Why supersampling is not widely used for image scaling? - image-processing

I look for an appropriate image scaling algorithm and wondered why supersampling is not as popular as bicubic, bilinear or even lanczos.
By supersampling I mean a method that divides the source image into equal rectangles, each rectangle corresponding to a pixel in the destination image. In my opinion, this is the most natural and accurate method. It takes into account all pixels of the source image, while bilinear might skip some pixels. As far as I can see, the quality is also very high, comparable with lanczos.
Why do popular image libraries (such as GraphicsMagic, GD or PIL) not implement this algorithm? I found realizations only in Intel IPP and AMD Framewave projects. I know at least one disadvantage: it can only be used for downscaling, but am I missing something else?
For comparison, this is a 4.26x scaled down image. From left to right: GraphicsMagic Sinc filter (910ms), Framewave Super method (350ms), GraphicsMagic Triangle filter (320ms):

Now I know the answer. Because pixel is not a little square. And that is why supersampling resizing gives aliased result. This can be seen on thin water jets on sample image. This is not fatal and supersampling can be used for scaling to 2x, 3x and so on to dramatically reduce picture size before resize to exact dimensions with another method. This technique is used in jpeglib to open images in smaller size.
Of course we still can think about pixels as squares and actually, GD library does.
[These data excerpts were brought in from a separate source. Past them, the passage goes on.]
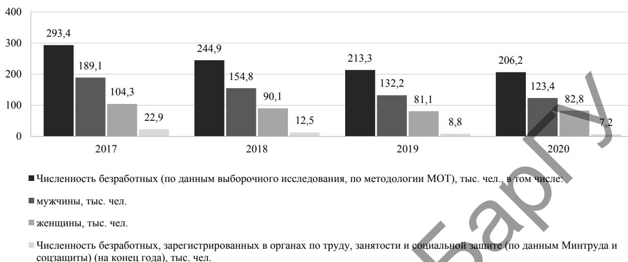
Рисунок 2 — Численность безработных Республики Беларусь в 2017-2020 гг., тыс. чел.

Численность безработных по данным выборочного исследования и состоящих на учете в органах по труду, занятости и социальной защите за 2017—2020 годы отражена на рисунке 2.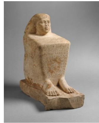
Anchwennefer: _____ (New York)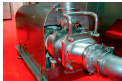
■ Pumpning af kød til pølse / Sausage meat conveyance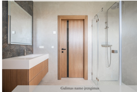
Galimas namo įrengimas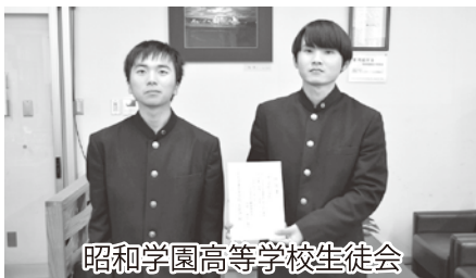
昭和学園高等学校生徒会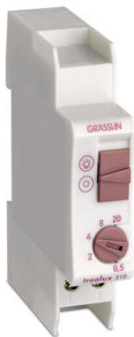
CÔNG TẮC ĐIỀU KHIỂN ĐÈN CẦU THANG TREALUX 210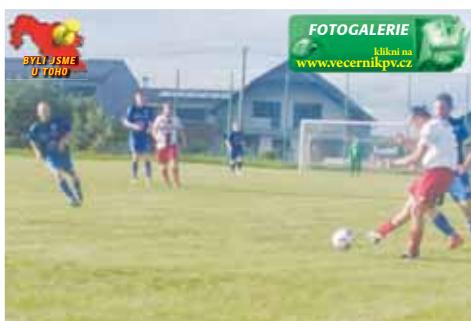
Luká byla po celých devadesát minut lepším mužstvem.

Hned z první akce se radovala hostující družina z branky. Jenže gólové hlavičce předcházel ofsajd, na který upozornil sám hostující pomezní. Luká však i nadále byla daleko lepší na míči a dokázala soupeře zatlačit. Zdětín ale začal velmi dobře zezadu a kromě první akce si své území hlídal. O prvním vážnějším ohrožení se dalo mluvit v desáté minutě, kdy Motlův centr z trestného kopu našel hlavu Pluháčka, ale ten branku nenašel. O chvíli později se hosté branky dočkali. Špatného obranného zákroku po centru z levé strany využil Kvapil, ke kterému se míč odrazil, a z první propalil přízemní střelou brankáře Šimka – 0:1. 1 další minuty patřily Luká. Jenže ji zastavoval nepřesné zakončení, případně se ani do finální fáze nedostala. Místo navýšení náskoku se tak mohli do zápasu dostat domácí. K odraženému míči se hnál Adam, jeho pokus z dobré vzdálenosti míč nenašel ani síť za brankou. Druhý branky se hosté ještě v první půli dočkali. Po dobrém rohovém kopu se nejlépe zorientoval Muzikant a míč dokázal dostat až za brankovou. Tam ho sice chytil domácí brankář, ale ani on proti verdiktu sudího neprotestoval – 0:2. Hned poté sudí odpískal konec první půle. Druhá pětáctiminutovka začala tam, kde skončila první. Hosté byli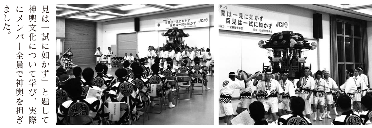
見は一試に如かず」と題して神輿文化について学び、実際にメンバー全員で神輿を担ぎました。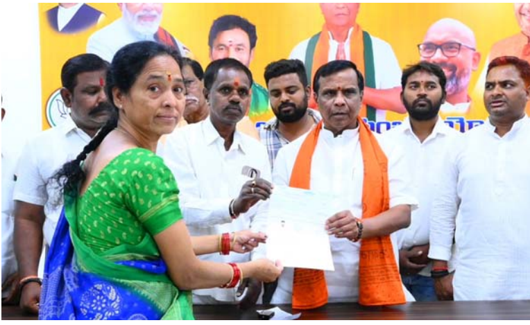
అక్షర విజేత, నిజామాబాద్ ప్రతినిధి :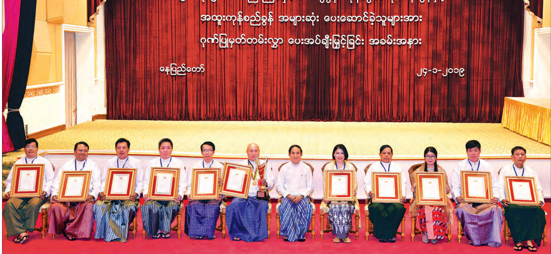
နိုင်ငံတော်သမ္မတ ဦးဝင်းမြင့် ၂၀၁၇-၂၀၁၈ ခုနှစ်အတွက် အထူးကုန်စည်ခွန်အများဆုံးပေးဆောင်ခဲ့ကြသော မြန်မာကုမ္ပဏီလုပ်ငန်းရှင်များနှင့် စုပေါင်းမှတ်တမ်းတင်ဓာတ်ပုံရိုက်စဉ်။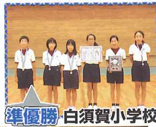
準優勝 白須賀小学校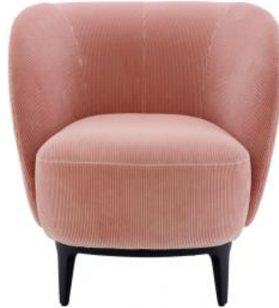
FAUTEUIL ARTICLE COMPLET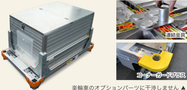
楽輪車のオプションパーツに干渉しません ▲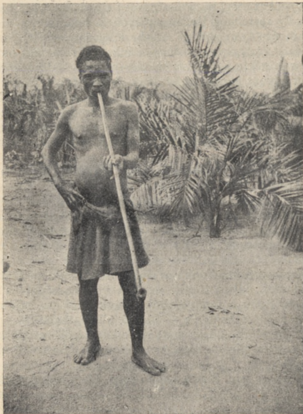
Akkora pipát szívnak a Bakongók, akár egy magyar falusi nótárius.

hölgynek“ volt fenntartva. Ő utána következett egy gentleman, aki egy kerek sovereignt szúrt le aranyban s ő nyithatta föl a hangszer födelét. A csodálkozás föl-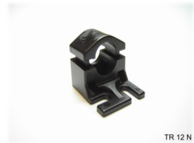
TR 12 N

Klemmhalterung Durchmesser: 10/12/ 18mm Material: Polycarbonat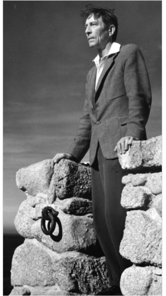
Robinson Jeffers, 1940 r.

Kiedy ptaki nadciągną znowu znad wód, niech zakwilą wieloma głosami. A myśli ludzkie niech im odpowiedzą też na wiele głosów, wieloma językami, wieloma wierszami. Bo mnogość myśli jest potrzebna duszy ludzkiej. Mnogość takich kwilących myśli, gdy nastaje nowy świt nad skałami Wielkiego Południa. Potrzebne są duszy ludzkiej dźwięcznie hałasujące sokoły i mewy i kormorany. Nad skałami i piaszczystymi brzegami światów,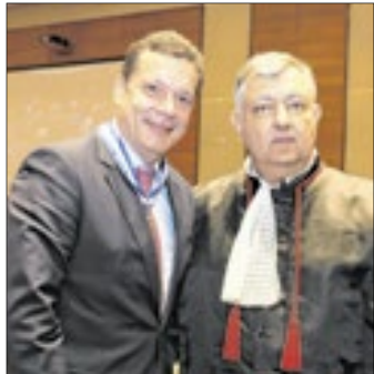
O des. do TRF2 Alfredo Hilário de Souza com o des. Cláudio Brandão, Corregedor-geral do TJRJ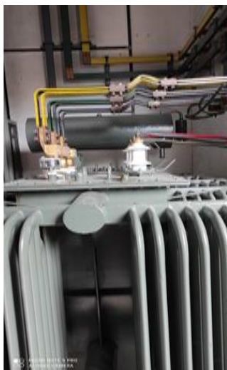
Slika 1. Transformator [9]

Ispravljač je električni sklop koji služi za pretvaranje izmjenične struje u istosmjernu. (slika 2.)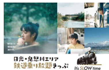
△日光・鬼怒川エリア鉄道乗り放題きっぷ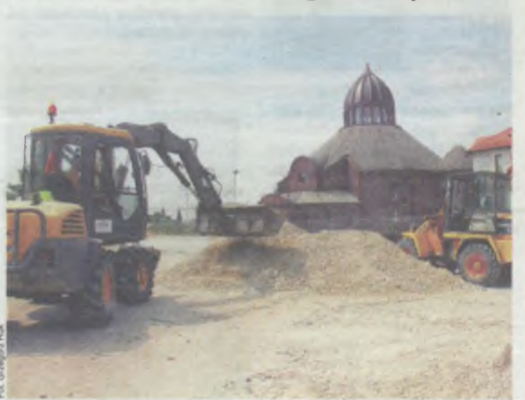
Tu roboty są najbardziej zaawansowane

...inwestycji trwa lub rozpocznie się niedługo.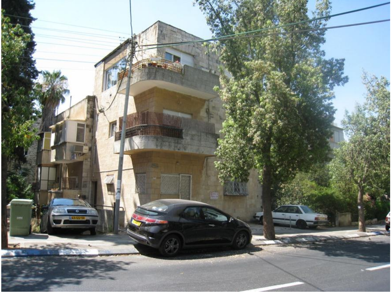
הבית ברחוב מטודלה מספר 16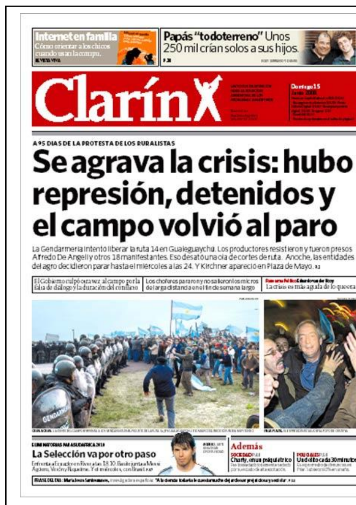
Imagen 4. Tapa de Clarín del 15 de junio de 2008

provincia y uno de los personajes de mayor repercusión mediática—, lo que derivó en nuevos cortes de rutas del campo 7 .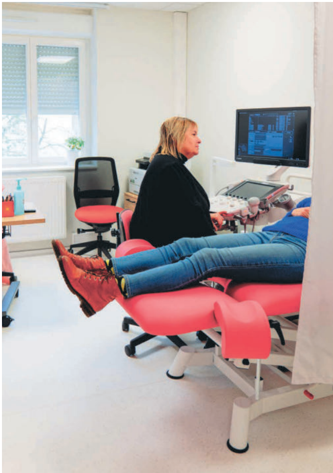
Suivi gynécologique, préparation à l'accouchement et échographies peuvent être pratiqués sur place.

La Maison urbaine de santé du quartier réunit un écosystème de soignants-es au service de la population.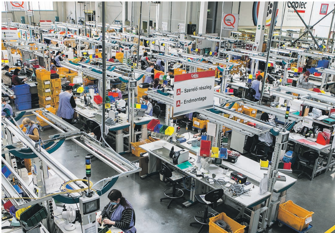
Néhány éven belül a kézi gyártás nagyobb részét az automatizálás váltja fel

GAZDASÁG Hogyan vonhatóak be az idősek a munkába?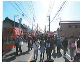
和太鼓のパフォーマンスは、人だかりができるほど大盛況でした。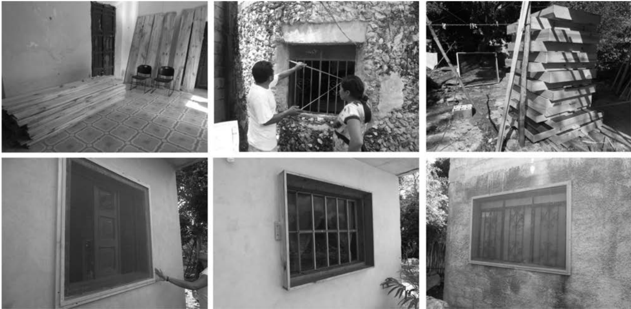
Figura 3. Fabricación e instalación de los mosquiteros para el control vectorial. Todos los mosquiteros fueron construidos en las comunidades, utilizando una malla de fibra de alta calidad con un marco de madera hecho a las dimensiones de cada ventana del cuarto.

esta intervención de ecosalud en términos de infestación de las casas, así como las percepciones de los diferentes actores sobre la intervención, los potenciales cambios en su percepción de los triatomíneos, de la enfermedad de Chagas y del concepto de control vectorial.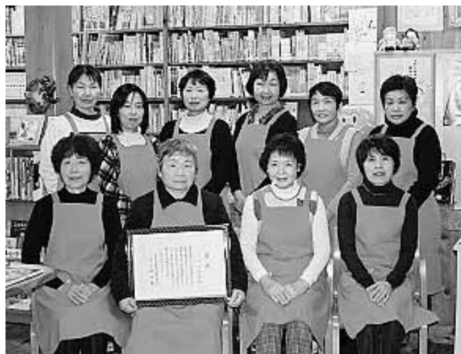
【たけの子会の皆様】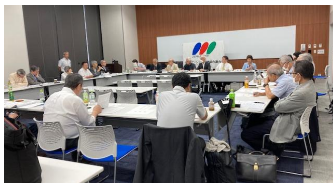
2024年9月24日 全管連通常総会 於・東京都立産業貿易センター浜松町館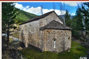
Ermita de San Adrián de Sasabe- Huesca- Aragón

Las comunicaciones deberán ser enviadas por e-mail: icctour2015@gmail.com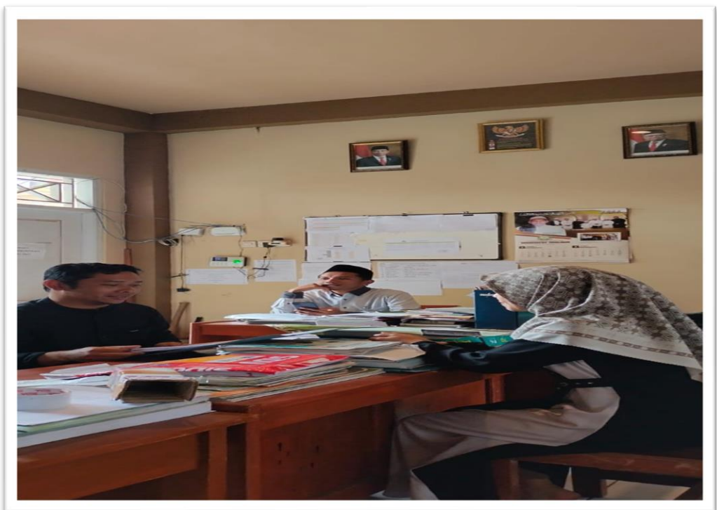
Peneliti sedang menggali data dengan waka kurikulum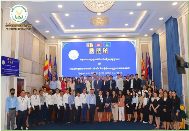
រូបភាព៖ សិក្ខាសាលាផ្សព្វផ្សាយស្តីពី “កាតព្វកិច្ចផ្តល់របាយការណ៍ ជូនដំណឹង និងស្នើសុំការអនុញ្ញាតរបស់បរទេសបាល”។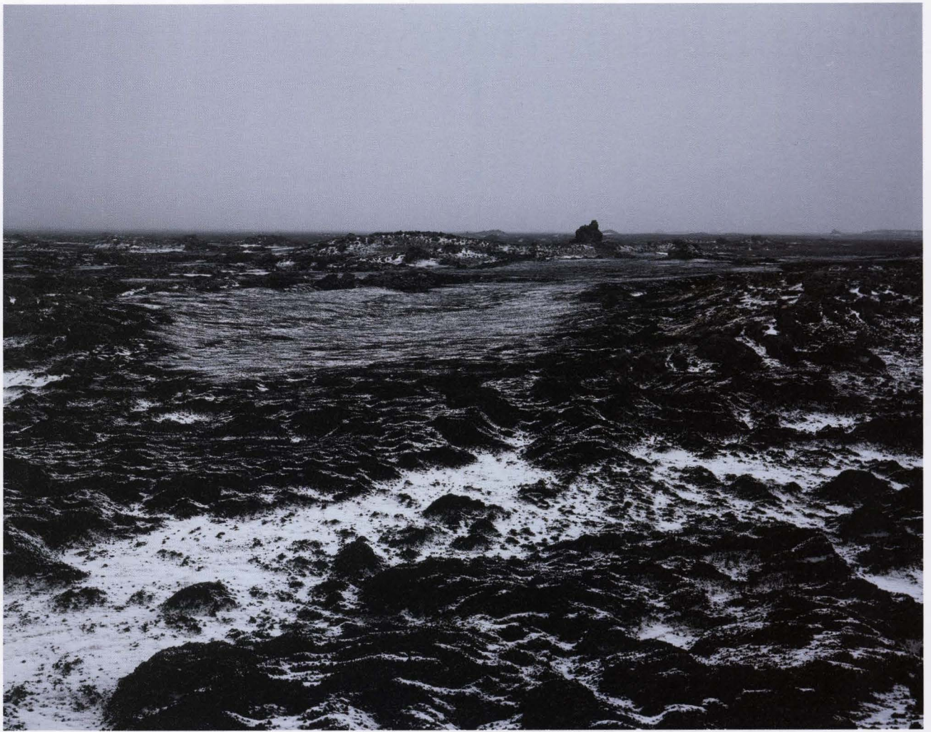
Near Hekla 2000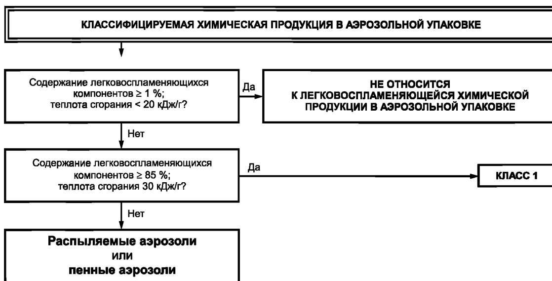
Рисунок 1 — Общая процедура классификации химической продукции в аэрозольной упаковке

Процедуры классификации опасности химической продукции в аэрозольной упаковке представлены на рисунках 1 и 2.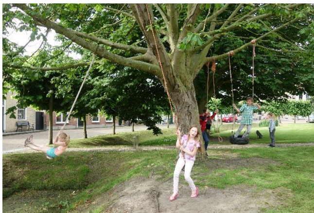
Figuur 4 Schommelen in de Kastanjes in Dreischor

Er wordt vooral gespeeld met toestellen die door bewoners zelf gemaakt zijn. In de oude kastanjes naast de kerk zijn schommels van touw en autobanden gemaakt waarmee de jeugd over de gracht slingert. Daarnaast is in samenwerking met de Droomclub het Droompark gemaakt achter de Molenweg. Hier is een pluktuin, een blotevoetenpad, een wilgentipi en nog veel meer. Jeugdigen klimmen daarnaast graag in de boom bij de bushalte aan de Stoofweg.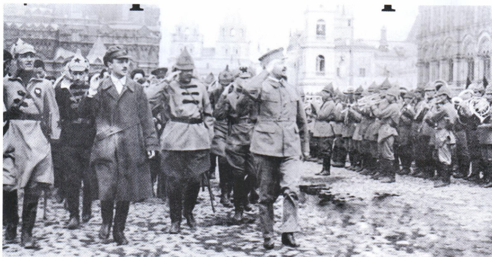
▲ Наркомвоенмор Лев Троцкий принимает парад войск на Красной площади. Слева на фото – офицер с одним из первых орденов Красного Знамени на груди (награда крепилась на красный бант-«розетку»)

Сначала это были золотые часы, портсигары, кольца с бриллиантами – все, что отбиралось у «буржуев». В ход шли даже пресловутые «красные революционные шаровары». То есть все то, что в эпоху всеобщей нужды можно было продать, обменять на хлеб или, банально, одеть на себя. Но с такими «наградами» армия рисковала быстро превратиться в барахолку, набранную из мародеров. Нужна была по-настоящему военная награда.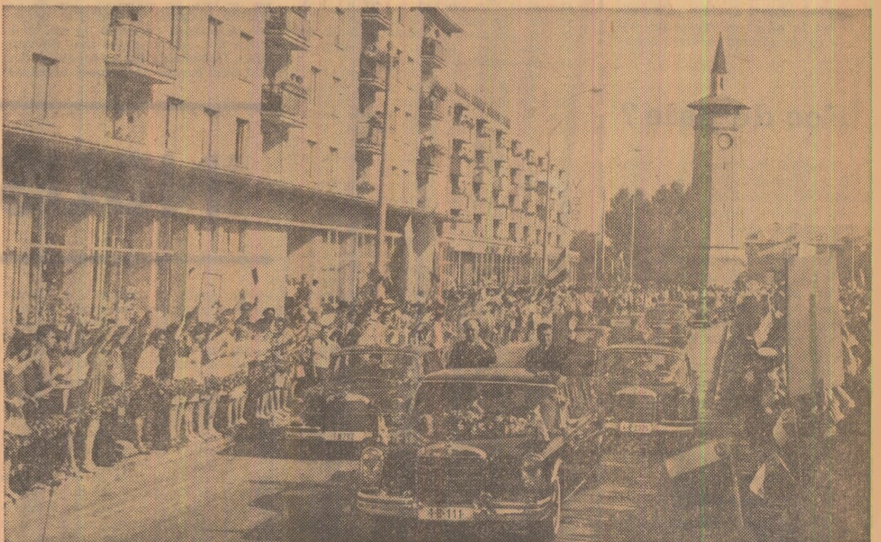
Locuitorii orașului Giurgiu fac o primire caldă, entuziastă înalților oaspeți,

DEVA (Correspondența „Scînteii”, Sabin Ionescu) — La Combinatul siderurgic Hunedoara a început construcția unui nou furnal (nr. 9), cu o capacitate de 1.000 m.c. Întregul proces de producție va fi mecanizat și automatizat. În aceste zile, se efectuează lucrări de excavare și fundațiile metalurgice București. Instalările, aparatura și diferitele construcții metalice aferente furnalului vor fi executate, în cea mai mare parte, în principalele uzine și întreprinderi ale industriei construcției de mașini din țară.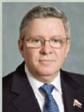
А.П. Торшин Первый заместитель Председателя Совета Федерации РФ

17 апреля 2013 года Москва, МГУ имени М.В. Ломоносова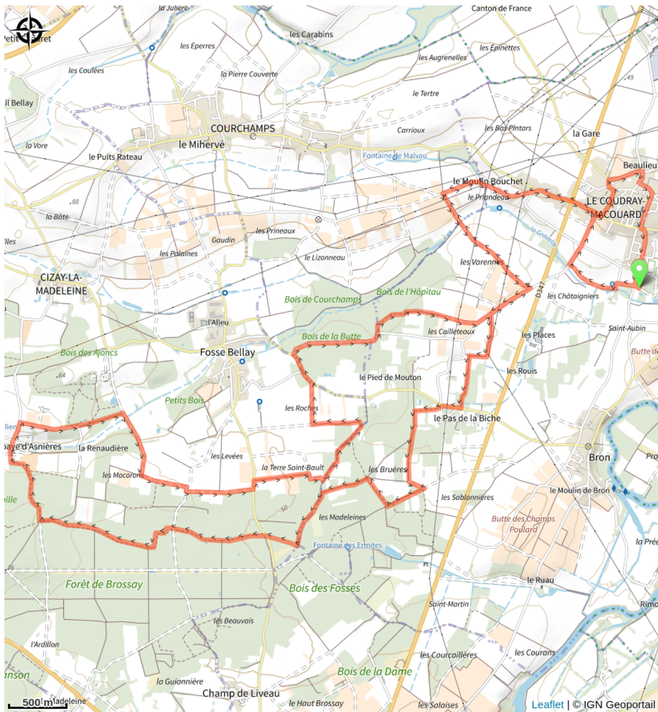
📍 La Seigneurie du Bois (A)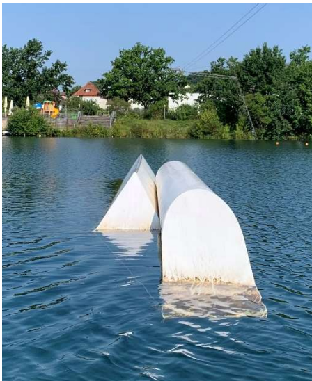
Left side: Unit Pipe + Unit Triangle Hack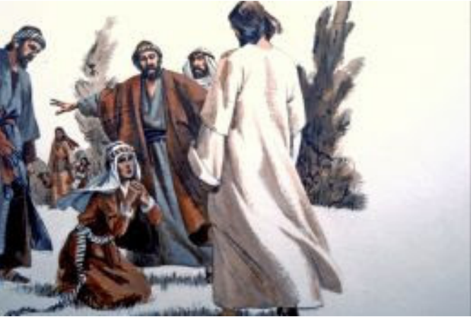
Jesus and Canaanite woman

ထိုအခါ ... မိခင်များသည် မိမိတို့၏ စိတ်ဆန္ဒ အလိုရှိသည်အတိုင်း ဖြစ်ပါလိမ့်မည်။ ☐☐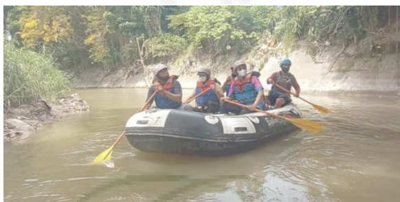
Gambar 1. Kegiatan Observasi Susur Sungai Babura

Kampung Sejahtera yang dulunya dikenal dengan Kampung Kubur terletak di pinggir Sungai Babura, Kecamatan Medan Babura, Kota Medan, Sumatera Utara. Sungai Babura merupakan salah satu sungai yang memiliki potensi besar untuk dikembangkan sebagai objek wisata alam.

It's imagecopyresampled is true supersampling.

You are a bit mistaken (when saying that linear rescaling misses pixels). Assuming You are rescaling the image by at most factor of 2, Bilinear interpolation takes into account all the pixels of the source image. If you smooth the image a bit and use bilinear interpolation this gives you high quality results. For most practical cases even bi-qubic interpolation is not needed.
Since bi-linear interpolation is extremely fast (can be easily executed in fixed point calculations) it is by far the best image rescaling algorithm when dealing with real time processing.
If you intend to shrink the image by more than factor of 2 than bilinear interpolation is mathematically wrong and with larger factors even bi-cubic starts to make mistakes. That is why in image processing software (like photoshop) we use better algorithms (yet much more CPU demanding).
The answer to your question is speed consideration.
Given the speed of your CPU/GPU, the image size and desired frame rate you can easily compute how many operations you can do for every pixel. For example - with 2GHZ CPU and 1[Gpix] image size, you can only make few calculations for each pixel every second.
Given the amount of allowed calculations - you select the best algorithms. So the decision is usually not driven by image quality but rather by speed considerations.
Another issue about super sampling - Sometimes if you do it in frequency domain, it works much better. This is called frequency interpolation. But you will not want to calculate FFT just for rescaling an image.
Moreover - I don't know if you are familiar with back projection. This is a way to interpolate the image from destination to source instead of from source to destination. Using back projection you can enlarge the image by a factor of 10, use bilinear interpolation and still be mathematically correct.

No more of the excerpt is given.